> _Required action_: Copy the material below verbatim from the line with "distributors | 4.1/5 |" to the line with "The cutout in", both lines included, omitting pictures and every line outside that range.

> _Provided records_:
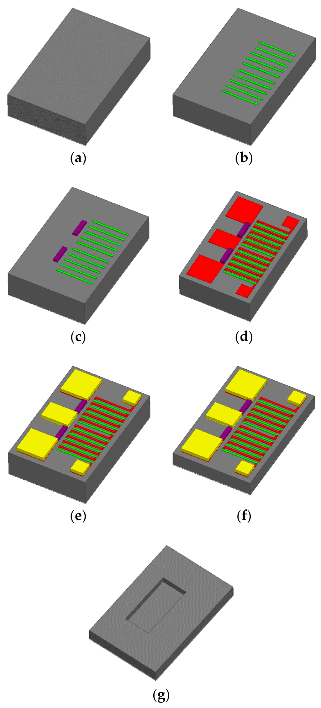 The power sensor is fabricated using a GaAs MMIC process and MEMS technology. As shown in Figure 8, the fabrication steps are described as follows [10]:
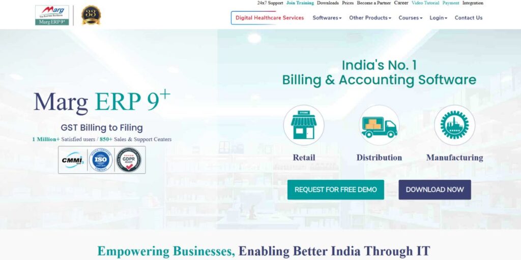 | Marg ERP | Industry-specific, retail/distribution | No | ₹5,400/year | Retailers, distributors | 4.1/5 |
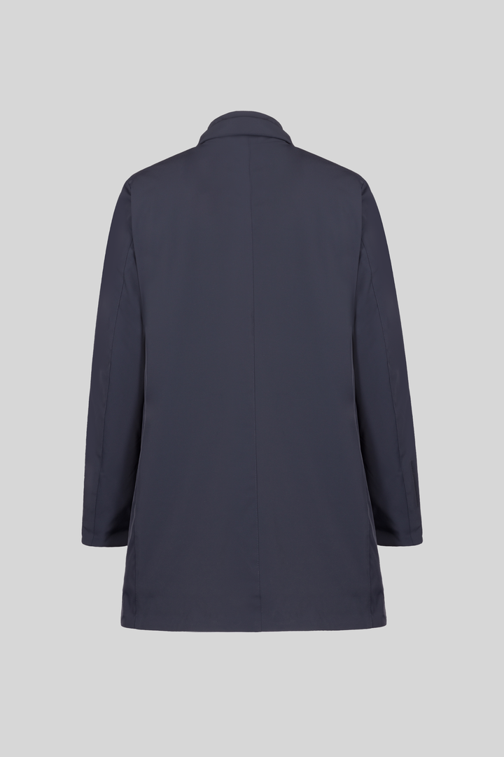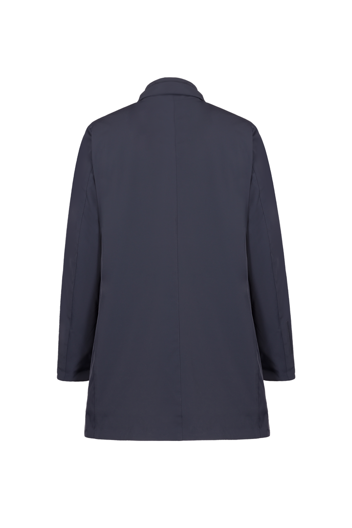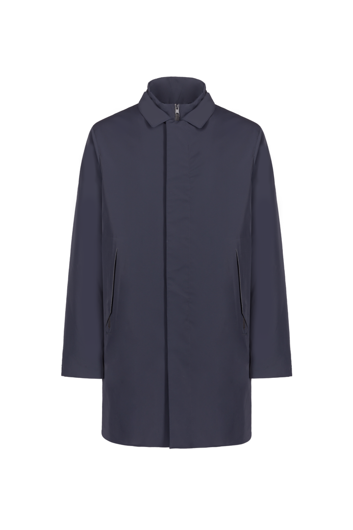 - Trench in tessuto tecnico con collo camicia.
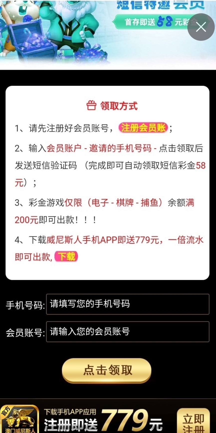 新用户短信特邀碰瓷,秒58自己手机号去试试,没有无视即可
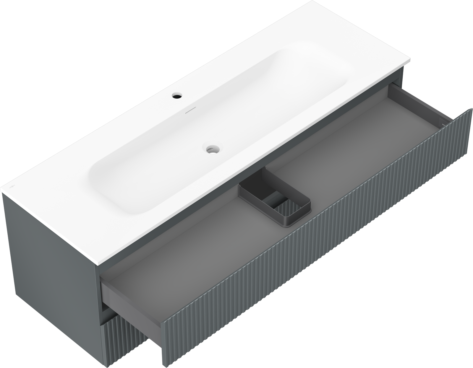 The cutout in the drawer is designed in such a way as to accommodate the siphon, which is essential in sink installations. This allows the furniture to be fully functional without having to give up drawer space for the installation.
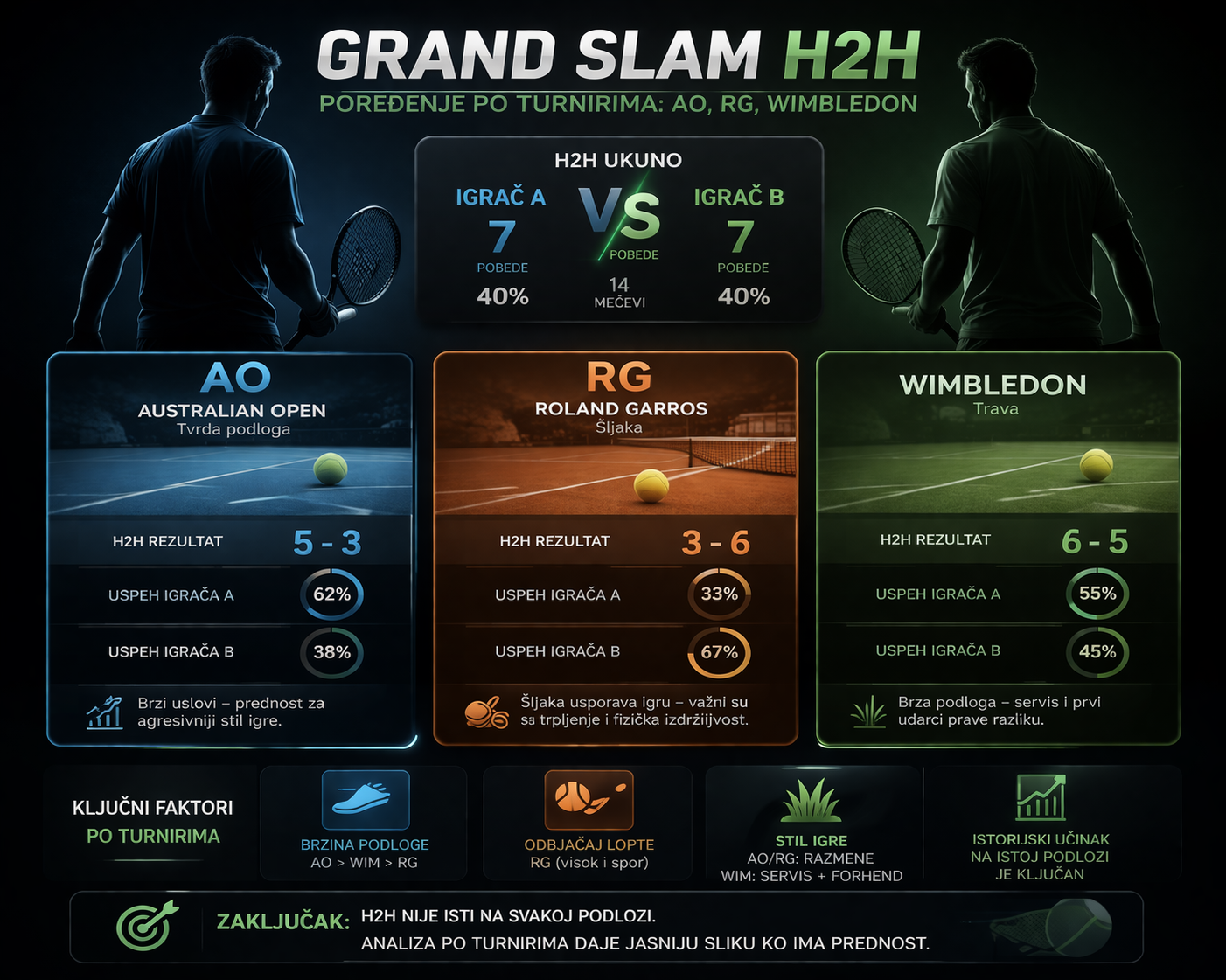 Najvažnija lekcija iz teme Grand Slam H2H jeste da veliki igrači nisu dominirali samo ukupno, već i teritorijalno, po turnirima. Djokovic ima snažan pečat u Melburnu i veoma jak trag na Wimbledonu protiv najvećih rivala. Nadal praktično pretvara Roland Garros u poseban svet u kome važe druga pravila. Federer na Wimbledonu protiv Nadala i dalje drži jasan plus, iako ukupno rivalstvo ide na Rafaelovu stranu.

--

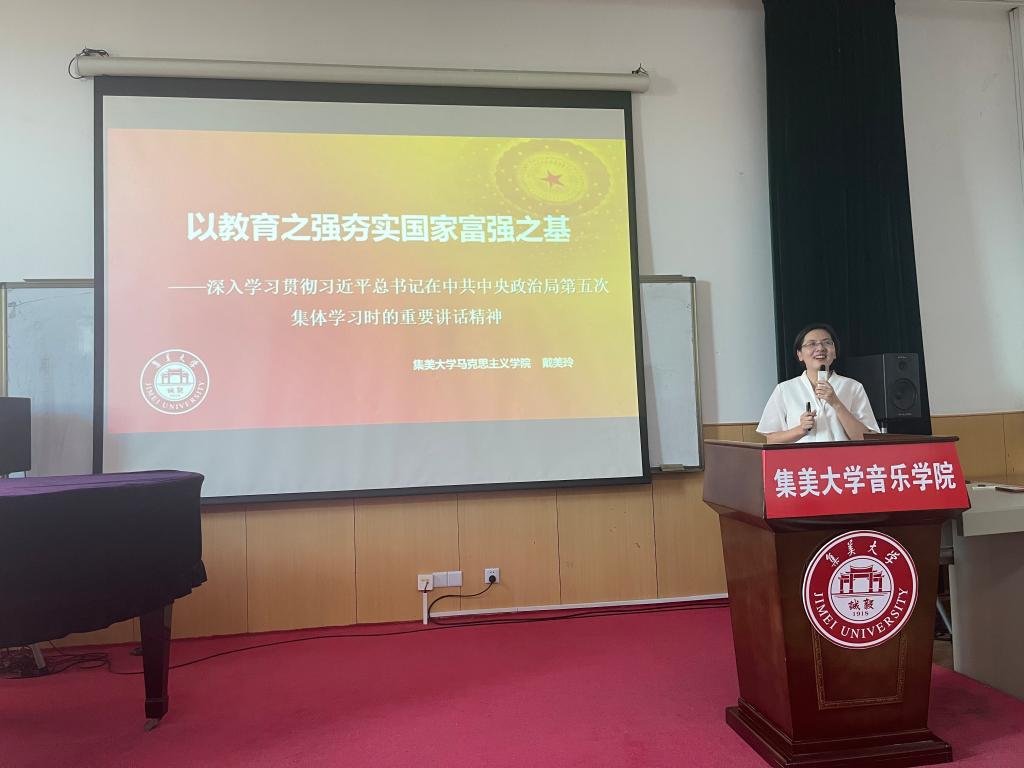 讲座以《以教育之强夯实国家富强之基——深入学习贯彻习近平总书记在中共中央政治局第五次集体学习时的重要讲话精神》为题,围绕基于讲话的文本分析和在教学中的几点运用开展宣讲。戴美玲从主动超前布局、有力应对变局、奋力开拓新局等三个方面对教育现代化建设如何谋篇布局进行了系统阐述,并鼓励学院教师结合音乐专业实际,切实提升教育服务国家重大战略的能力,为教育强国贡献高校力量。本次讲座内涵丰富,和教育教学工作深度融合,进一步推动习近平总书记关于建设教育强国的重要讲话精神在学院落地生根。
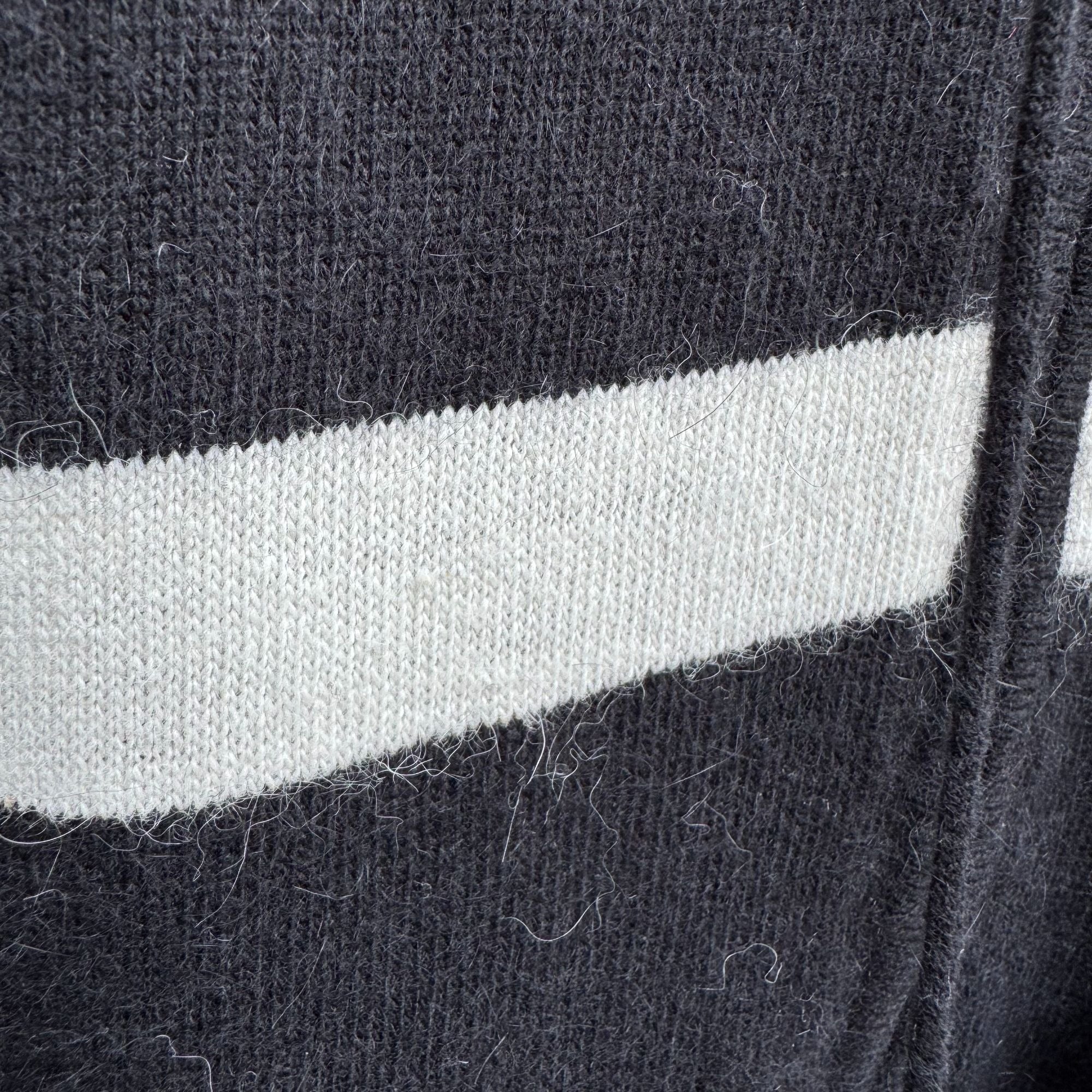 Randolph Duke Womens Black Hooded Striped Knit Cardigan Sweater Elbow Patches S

> _Exercise answer_:
 | Marg ERP | Industry-specific, retail/distribution | No | ₹5,400/year | Retailers, distributors | 4.1/5 |
 - Trench in tessuto tecnico con collo camicia.
 新用户短信特邀碰瓷,秒58自己手机号去试试,没有无视即可
 The cutout in the drawer is designed in such a way as to accommodate the siphon, which is essential in sink installations. This allows the furniture to be fully functional without having to give up drawer space for the installation.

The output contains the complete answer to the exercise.